Het problematisch gebruik van middelen komt onder meer tot uiting door:

  • spijbelen
  • stemmingswisselingen
  • liegen
  • onttrekken aan sportactiviteiten
  • ontlopen van niet-gebruikende vrienden
  • 'blind spots' (ofwel periodes waarin ouders niet weten wat de jeugdige doet of waar hij is)
  • maken van schulden ten behoeve van het middelengebruik
  • ontwenningsverschijnselen
  • slaapproblemen
  • teruglopende schoolprestaties
  • in aanraking komen met de politie
  • crimineel gedrag en gezondheidsproblemen (zoals verminderd gewicht).

Bij misbruik en dwangmatig gebruik is daarnaast vaak sprake van het volgende:

  • Het middel neemt een centrale plaats in het leven van de jeugdige in en verstoort de leeftijdsadequate ontwikkelingstaken (school, invulling vrije tijd, alledaagse levensverrichtingen).
  • De jeugdige heeft onvoldoende invloed op de hoeveelheid en de frequentie van het gebruik.
  • Belangrijke volwassenen en leeftijdsgenoten hebben onvoldoende remmende invloed op de gebruikende jeugdige.
  • De jeugdige liegt en bedriegt omdat hij bang is voor de waarheid of omdat hij zich schaamt voor wat hij heeft gedaan. Ook zal hij vaker liegen om geld als het gebruik duurder wordt. Na verloop van tijd wordt dit liegen een patroon waar de jeugdige moeilijk uitkomt. Liegen en bedriegen als vorm van overleven wordt ook wel het junkiesyndroom genoemd.
  • De jeugdige is steeds meer op zichzelf gericht en houdt minder rekening met anderen.

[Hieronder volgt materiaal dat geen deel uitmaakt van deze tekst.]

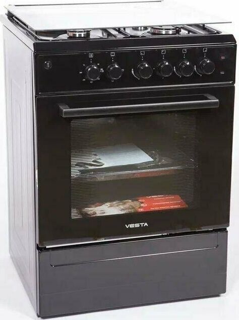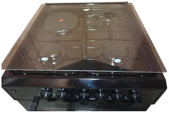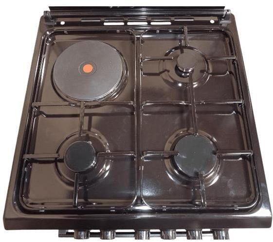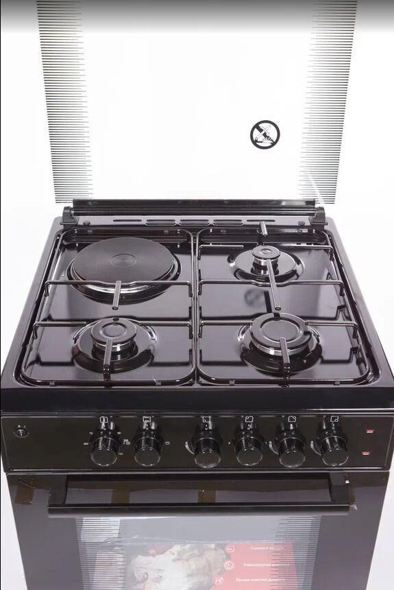 Габариты и вес: Ширина плиты, см 50, Глубина плиты, см 57, Высота, см 85, Вес кг 35. Горелки стола: Газовые – 3 шт. Электр.–1 шт. Мощность горелок рабочего стола: -Горелка передняя левая/правая – 2,0/2,4 кВт. Горелка задняя левая, электрическая – 1,5 кВт. Горелка задняя правая – 1,0 кВт. Решетка рабочего стола – сталь. Крышка рабочего стола – стекло. Верхний нагреватель духовки – ТЭН. Нижний нагреватель духовки – ТЭН. Электророзжиг при помощи кнопки. Электрическая подсветка духовки. Термостат, Индикатор работы электроконфорок. Индикатор работы ТЭНа духовки. Противень – 2 шт. Цвет Черный.
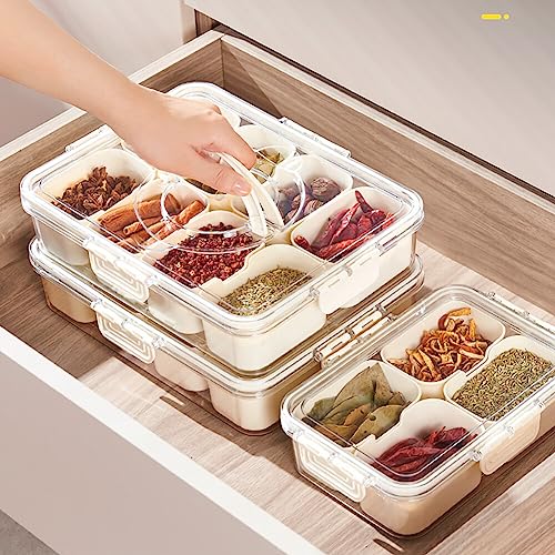 BYNYXI Snackstallrik, plast, snackslåda med 8 fack, snacksskål, serveringsskål med lock och handtag, godis, bricka, serveringstallrik, rektangulär mellanmål, förvaringslåda för sötsaker, frukt, nötter
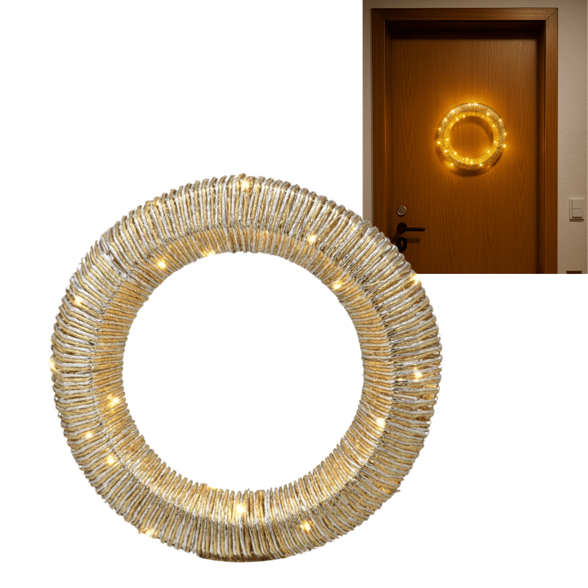 Moderna, minimalista e muito elegante ela tem fios dourados e prateados e leva pequenas luzes em led, a alimentação é por pilhas.
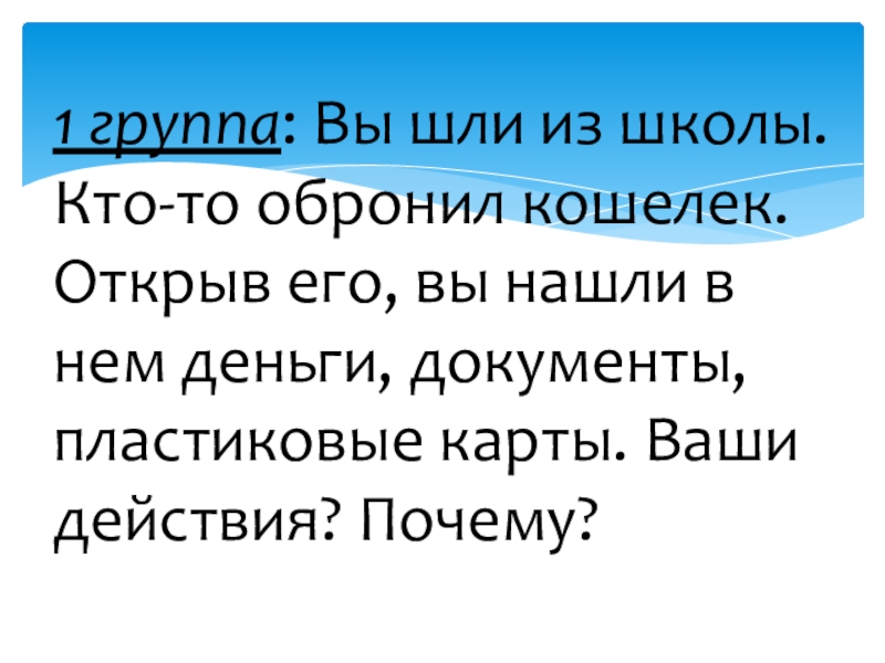 1 группа: Вы шли из школы. Кто-то обронил кошелек. Открыв его, вы нашли в нем деньги, документы,

Subtypes en/of specificaties

GHB

GHB heeft een verdovende werking en geeft een ontspannend gevoel. Het gebruik van GHB heeft een sterke lichamelijk en psychische afhankelijkheid tot gevolg. De lichamelijke ontwenningsverschijnselen bij langdurig gebruik kunnen zeer ernstig zijn. Er wordt dan ook aangeraden om contact op te nemen met de huisarts wanneer men wil stoppen.

De belangrijkste risico's van het gebruik van GHB zijn:

  • bewustzijnsverlies
  • kwetsbaarheid, vervagende grenzen, soms buiten bewustzijn raken; hierdoor kan de jeugdige dingen doen die hij eigenlijk niet wil doen en anderen kunnen hier misbruik van maken
  • hersenschade bij langdurig gebruik.

Synthetische of natuurlijke stoffen die hallucinaties opwekken

Onder deze stoffen vallen bijvoorbeeld lsd, paddo's en truffels. De effecten en risico's van deze drugs zijn verschillend, maar komen deels ook overeen. De belangrijkste risico's zijn:

  • overdosering; een overdosering van xtc is zeer gevaarlijk en kan de dood tot gevolg hebben
  • bad trip of flippen
  • depressieve gevoelens, tijdens en na gebruik
  • hersenbeschadiging, oververhitting, uitdroging, psychoses en slaapstoornissen (met name risico van xtc-gebruik).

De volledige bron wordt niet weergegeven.